:: Required work ::
Would you repeat every line below exactly, please?

Collection entries:
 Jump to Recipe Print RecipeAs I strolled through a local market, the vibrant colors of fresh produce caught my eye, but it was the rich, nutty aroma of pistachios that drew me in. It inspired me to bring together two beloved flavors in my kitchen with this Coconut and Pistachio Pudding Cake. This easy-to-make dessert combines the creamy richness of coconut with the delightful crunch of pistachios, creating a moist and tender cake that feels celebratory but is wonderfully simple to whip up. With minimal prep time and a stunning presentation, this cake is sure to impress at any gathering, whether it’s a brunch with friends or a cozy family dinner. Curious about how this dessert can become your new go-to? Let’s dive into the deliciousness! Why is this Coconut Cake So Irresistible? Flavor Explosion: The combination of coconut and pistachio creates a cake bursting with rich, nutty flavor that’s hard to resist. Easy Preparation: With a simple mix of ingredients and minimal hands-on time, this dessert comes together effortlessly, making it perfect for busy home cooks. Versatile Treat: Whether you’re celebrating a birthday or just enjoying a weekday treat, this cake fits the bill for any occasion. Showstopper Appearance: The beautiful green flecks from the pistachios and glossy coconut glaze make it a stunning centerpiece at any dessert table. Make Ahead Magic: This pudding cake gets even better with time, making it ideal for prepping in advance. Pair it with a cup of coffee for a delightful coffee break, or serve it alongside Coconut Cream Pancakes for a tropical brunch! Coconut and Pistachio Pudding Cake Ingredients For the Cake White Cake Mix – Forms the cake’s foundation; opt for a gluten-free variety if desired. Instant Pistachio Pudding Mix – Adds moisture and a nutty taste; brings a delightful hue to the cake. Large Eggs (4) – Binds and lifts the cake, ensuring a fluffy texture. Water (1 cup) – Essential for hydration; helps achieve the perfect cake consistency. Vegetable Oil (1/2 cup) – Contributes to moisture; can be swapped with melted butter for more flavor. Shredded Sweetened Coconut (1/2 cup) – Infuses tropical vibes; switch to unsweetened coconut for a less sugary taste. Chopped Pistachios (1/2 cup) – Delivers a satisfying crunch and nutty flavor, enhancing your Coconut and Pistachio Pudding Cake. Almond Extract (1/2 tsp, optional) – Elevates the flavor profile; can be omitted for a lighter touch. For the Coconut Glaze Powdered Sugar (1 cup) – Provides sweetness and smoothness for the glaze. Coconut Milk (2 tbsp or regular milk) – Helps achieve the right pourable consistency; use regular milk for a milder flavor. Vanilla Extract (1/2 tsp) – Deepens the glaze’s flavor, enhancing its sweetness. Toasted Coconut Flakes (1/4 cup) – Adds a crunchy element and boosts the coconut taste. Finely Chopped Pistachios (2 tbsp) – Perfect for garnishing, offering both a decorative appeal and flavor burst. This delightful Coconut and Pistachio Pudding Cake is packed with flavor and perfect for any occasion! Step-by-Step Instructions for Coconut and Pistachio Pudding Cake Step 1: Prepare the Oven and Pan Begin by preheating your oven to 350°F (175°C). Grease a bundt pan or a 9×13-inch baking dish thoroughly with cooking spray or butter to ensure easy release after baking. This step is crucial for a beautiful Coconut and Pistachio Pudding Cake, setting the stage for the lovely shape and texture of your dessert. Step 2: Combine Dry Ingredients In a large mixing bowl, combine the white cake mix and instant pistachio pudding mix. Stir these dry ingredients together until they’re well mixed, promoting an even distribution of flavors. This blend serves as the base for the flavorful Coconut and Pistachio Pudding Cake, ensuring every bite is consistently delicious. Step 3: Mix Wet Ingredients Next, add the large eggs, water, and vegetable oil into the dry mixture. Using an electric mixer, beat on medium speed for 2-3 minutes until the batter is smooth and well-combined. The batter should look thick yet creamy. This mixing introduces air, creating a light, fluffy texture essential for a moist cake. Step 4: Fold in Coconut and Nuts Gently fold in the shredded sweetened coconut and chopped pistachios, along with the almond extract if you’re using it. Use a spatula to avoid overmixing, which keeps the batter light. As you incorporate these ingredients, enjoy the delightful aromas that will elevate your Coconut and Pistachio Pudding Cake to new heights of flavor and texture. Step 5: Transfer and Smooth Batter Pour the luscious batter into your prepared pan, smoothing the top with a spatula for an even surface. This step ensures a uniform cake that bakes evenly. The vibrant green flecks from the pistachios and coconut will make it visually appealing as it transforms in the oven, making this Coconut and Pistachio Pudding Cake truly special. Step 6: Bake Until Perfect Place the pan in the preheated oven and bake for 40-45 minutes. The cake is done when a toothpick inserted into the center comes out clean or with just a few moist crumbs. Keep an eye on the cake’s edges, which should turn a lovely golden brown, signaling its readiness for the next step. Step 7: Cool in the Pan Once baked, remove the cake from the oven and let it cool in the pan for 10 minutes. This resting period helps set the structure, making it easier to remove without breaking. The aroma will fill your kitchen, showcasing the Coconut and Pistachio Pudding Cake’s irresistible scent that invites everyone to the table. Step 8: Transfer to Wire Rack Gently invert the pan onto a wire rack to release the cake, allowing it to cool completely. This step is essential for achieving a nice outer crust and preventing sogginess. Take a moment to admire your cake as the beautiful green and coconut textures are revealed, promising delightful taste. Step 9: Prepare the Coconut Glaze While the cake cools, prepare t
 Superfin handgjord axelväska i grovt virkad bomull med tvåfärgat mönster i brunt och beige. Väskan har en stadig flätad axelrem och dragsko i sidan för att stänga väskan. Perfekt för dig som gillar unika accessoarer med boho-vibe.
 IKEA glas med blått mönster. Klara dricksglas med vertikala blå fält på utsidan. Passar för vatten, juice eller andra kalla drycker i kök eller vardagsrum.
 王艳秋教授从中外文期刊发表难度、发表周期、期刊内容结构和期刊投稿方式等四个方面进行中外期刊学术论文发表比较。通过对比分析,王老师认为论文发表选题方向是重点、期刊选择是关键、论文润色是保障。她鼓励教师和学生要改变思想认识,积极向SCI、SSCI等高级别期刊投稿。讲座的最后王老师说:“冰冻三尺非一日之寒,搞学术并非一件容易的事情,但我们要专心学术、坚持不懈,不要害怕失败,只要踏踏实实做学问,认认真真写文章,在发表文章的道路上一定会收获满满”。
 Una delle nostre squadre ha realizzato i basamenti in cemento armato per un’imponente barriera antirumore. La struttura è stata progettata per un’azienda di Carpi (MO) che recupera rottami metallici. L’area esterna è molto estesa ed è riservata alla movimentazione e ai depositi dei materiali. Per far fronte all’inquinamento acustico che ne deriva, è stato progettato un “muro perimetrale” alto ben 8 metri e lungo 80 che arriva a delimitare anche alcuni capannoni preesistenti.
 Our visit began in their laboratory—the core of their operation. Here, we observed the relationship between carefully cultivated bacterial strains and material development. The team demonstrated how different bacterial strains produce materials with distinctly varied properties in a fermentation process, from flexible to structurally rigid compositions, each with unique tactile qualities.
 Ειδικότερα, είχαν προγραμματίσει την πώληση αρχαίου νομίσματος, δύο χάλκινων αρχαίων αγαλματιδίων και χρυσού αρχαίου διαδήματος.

:: Response to this exercise ::
 Jump to Recipe Print RecipeAs I strolled through a local market, the vibrant colors of fresh produce caught my eye, but it was the rich, nutty aroma of pistachios that drew me in. It inspired me to bring together two beloved flavors in my kitchen with this Coconut and Pistachio Pudding Cake. This easy-to-make dessert combines the creamy richness of coconut with the delightful crunch of pistachios, creating a moist and tender cake that feels celebratory but is wonderfully simple to whip up. With minimal prep time and a stunning presentation, this cake is sure to impress at any gathering, whether it’s a brunch with friends or a cozy family dinner. Curious about how this dessert can become your new go-to? Let’s dive into the deliciousness! Why is this Coconut Cake So Irresistible? Flavor Explosion: The combination of coconut and pistachio creates a cake bursting with rich, nutty flavor that’s hard to resist. Easy Preparation: With a simple mix of ingredients and minimal hands-on time, this dessert comes together effortlessly, making it perfect for busy home cooks. Versatile Treat: Whether you’re celebrating a birthday or just enjoying a weekday treat, this cake fits the bill for any occasion. Showstopper Appearance: The beautiful green flecks from the pistachios and glossy coconut glaze make it a stunning centerpiece at any dessert table. Make Ahead Magic: This pudding cake gets even better with time, making it ideal for prepping in advance. Pair it with a cup of coffee for a delightful coffee break, or serve it alongside Coconut Cream Pancakes for a tropical brunch! Coconut and Pistachio Pudding Cake Ingredients For the Cake White Cake Mix – Forms the cake’s foundation; opt for a gluten-free variety if desired. Instant Pistachio Pudding Mix – Adds moisture and a nutty taste; brings a delightful hue to the cake. Large Eggs (4) – Binds and lifts the cake, ensuring a fluffy texture. Water (1 cup) – Essential for hydration; helps achieve the perfect cake consistency. Vegetable Oil (1/2 cup) – Contributes to moisture; can be swapped with melted butter for more flavor. Shredded Sweetened Coconut (1/2 cup) – Infuses tropical vibes; switch to unsweetened coconut for a less sugary taste. Chopped Pistachios (1/2 cup) – Delivers a satisfying crunch and nutty flavor, enhancing your Coconut and Pistachio Pudding Cake. Almond Extract (1/2 tsp, optional) – Elevates the flavor profile; can be omitted for a lighter touch. For the Coconut Glaze Powdered Sugar (1 cup) – Provides sweetness and smoothness for the glaze. Coconut Milk (2 tbsp or regular milk) – Helps achieve the right pourable consistency; use regular milk for a milder flavor. Vanilla Extract (1/2 tsp) – Deepens the glaze’s flavor, enhancing its sweetness. Toasted Coconut Flakes (1/4 cup) – Adds a crunchy element and boosts the coconut taste. Finely Chopped Pistachios (2 tbsp) – Perfect for garnishing, offering both a decorative appeal and flavor burst. This delightful Coconut and Pistachio Pudding Cake is packed with flavor and perfect for any occasion! Step-by-Step Instructions for Coconut and Pistachio Pudding Cake Step 1: Prepare the Oven and Pan Begin by preheating your oven to 350°F (175°C). Grease a bundt pan or a 9×13-inch baking dish thoroughly with cooking spray or butter to ensure easy release after baking. This step is crucial for a beautiful Coconut and Pistachio Pudding Cake, setting the stage for the lovely shape and texture of your dessert. Step 2: Combine Dry Ingredients In a large mixing bowl, combine the white cake mix and instant pistachio pudding mix. Stir these dry ingredients together until they’re well mixed, promoting an even distribution of flavors. This blend serves as the base for the flavorful Coconut and Pistachio Pudding Cake, ensuring every bite is consistently delicious. Step 3: Mix Wet Ingredients Next, add the large eggs, water, and vegetable oil into the dry mixture. Using an electric mixer, beat on medium speed for 2-3 minutes until the batter is smooth and well-combined. The batter should look thick yet creamy. This mixing introduces air, creating a light, fluffy texture essential for a moist cake. Step 4: Fold in Coconut and Nuts Gently fold in the shredded sweetened coconut and chopped pistachios, along with the almond extract if you’re using it. Use a spatula to avoid overmixing, which keeps the batter light. As you incorporate these ingredients, enjoy the delightful aromas that will elevate your Coconut and Pistachio Pudding Cake to new heights of flavor and texture. Step 5: Transfer and Smooth Batter Pour the luscious batter into your prepared pan, smoothing the top with a spatula for an even surface. This step ensures a uniform cake that bakes evenly. The vibrant green flecks from the pistachios and coconut will make it visually appealing as it transforms in the oven, making this Coconut and Pistachio Pudding Cake truly special. Step 6: Bake Until Perfect Place the pan in the preheated oven and bake for 40-45 minutes. The cake is done when a toothpick inserted into the center comes out clean or with just a few moist crumbs. Keep an eye on the cake’s edges, which should turn a lovely golden brown, signaling its readiness for the next step. Step 7: Cool in the Pan Once baked, remove the cake from the oven and let it cool in the pan for 10 minutes. This resting period helps set the structure, making it easier to remove without breaking. The aroma will fill your kitchen, showcasing the Coconut and Pistachio Pudding Cake’s irresistible scent that invites everyone to the table. Step 8: Transfer to Wire Rack Gently invert the pan onto a wire rack to release the cake, allowing it to cool completely. This step is essential for achieving a nice outer crust and preventing sogginess. Take a moment to admire your cake as the beautiful green and coconut textures are revealed, promising delightful taste. Step 9: Prepare the Coconut Glaze While the cake cools, prepare t
 Superfin handgjord axelväska i grovt virkad bomull med tvåfärgat mönster i brunt och beige. Väskan har en stadig flätad axelrem och dragsko i sidan för att stänga väskan. Perfekt för dig som gillar unika accessoarer med boho-vibe.
 IKEA glas med blått mönster. Klara dricksglas med vertikala blå fält på utsidan. Passar för vatten, juice eller andra kalla drycker i kök eller vardagsrum.
 王艳秋教授从中外文期刊发表难度、发表周期、期刊内容结构和期刊投稿方式等四个方面进行中外期刊学术论文发表比较。通过对比分析,王老师认为论文发表选题方向是重点、期刊选择是关键、论文润色是保障。她鼓励教师和学生要改变思想认识,积极向SCI、SSCI等高级别期刊投稿。讲座的最后王老师说:“冰冻三尺非一日之寒,搞学术并非一件容易的事情,但我们要专心学术、坚持不懈,不要害怕失败,只要踏踏实实做学问,认认真真写文章,在发表文章的道路上一定会收获满满”。
 Una delle nostre squadre ha realizzato i basamenti in cemento armato per un’imponente barriera antirumore. La struttura è stata progettata per un’azienda di Carpi (MO) che recupera rottami metallici. L’area esterna è molto estesa ed è riservata alla movimentazione e ai depositi dei materiali. Per far fronte all’inquinamento acustico che ne deriva, è stato progettato un “muro perimetrale” alto ben 8 metri e lungo 80 che arriva a delimitare anche alcuni capannoni preesistenti.
 Our visit began in their laboratory—the core of their operation. Here, we observed the relationship between carefully cultivated bacterial strains and material development. The team demonstrated how different bacterial strains produce materials with distinctly varied properties in a fermentation process, from flexible to structurally rigid compositions, each with unique tactile qualities.
 Ειδικότερα, είχαν προγραμματίσει την πώληση αρχαίου νομίσματος, δύο χάλκινων αρχαίων αγαλματιδίων και χρυσού αρχαίου διαδήματος.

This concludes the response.